Seshat- Egyptian GodDeity"Mistress of the House of Books"
Also known as: Sesheta and Sefkhet-Abwy
Titles & Epithets
Domains
Symbols
Description
Seshat inscribed each pharaoh's name on the leaves of the sacred ished tree and stretched the cord to orient every temple to the stars. She governed the House of Life where Egypt's sacred texts were composed and stored. No temple was built to her. Her temples were the libraries.
Mythology & Lore
The Seven-Pointed Star
Seshat wore a leopard skin and carried a notched palm rib, each notch a year of a pharaoh's reign. Above her head she bore a seven-pointed emblem that made her recognizable across two thousand years of Egyptian art. Her name comes from the verb "to write," and she governed the Per-Ankh, the House of Life: the scriptoria attached to temples where priests composed and copied sacred texts.
The Stretching of the Cord
When a new temple was to be built, the pharaoh and Seshat performed the "stretching of the cord." Together they measured the temple's axis using cords and stakes, orienting the building to the stars. Foundation reliefs from the New Kingdom through the Ptolemaic period show the two figures side by side, the king and the goddess, establishing the sacred geometry of the site. Every temple in Egypt began with this ceremony.

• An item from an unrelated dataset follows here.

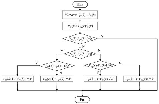 MPPT refers to the tracking and control of DGs, so that the maximum power output can be obtained in all circumstances. The common MPPT methods of PV arrays are the constant voltage method, disturbance observation method, and incremental conductance method. There is a maximum power point when a PV array operates under certain conditions. The main principle of the disturbance observation method is to apply a periodic constant step disturbance to the output voltage of PV array ∆V (or a constant step disturbance to the output current of the PV array ∆I). If the ∆P is positive, it means the working point voltage is less than the maximum power point voltage, and the disturbance in the original direction will continue to increase. Otherwise, the working point voltage will be larger than the maximum power point, and a negative direction will be added. The working point of the PV cell will be kept close to the MPPT. In this paper, the PV power generation system uses disturbance observation which is the most commonly used method.

The Leaves of the Ished Tree
In temple reliefs, Seshat and Thoth stand before the sacred ished tree, inscribing the name and regnal years of each pharaoh on its leaves. She counted the years of the king's life and tracked time itself. The Palermo Stone, one of the earliest surviving royal annals (Fifth Dynasty, c. 2400 BCE), records precisely the kind of chronological detail that scribes attributed to Seshat.
Scribes invoked her alongside Thoth before beginning their work. She had no temple of her own. Her sacred spaces were wherever writing was practiced and knowledge preserved.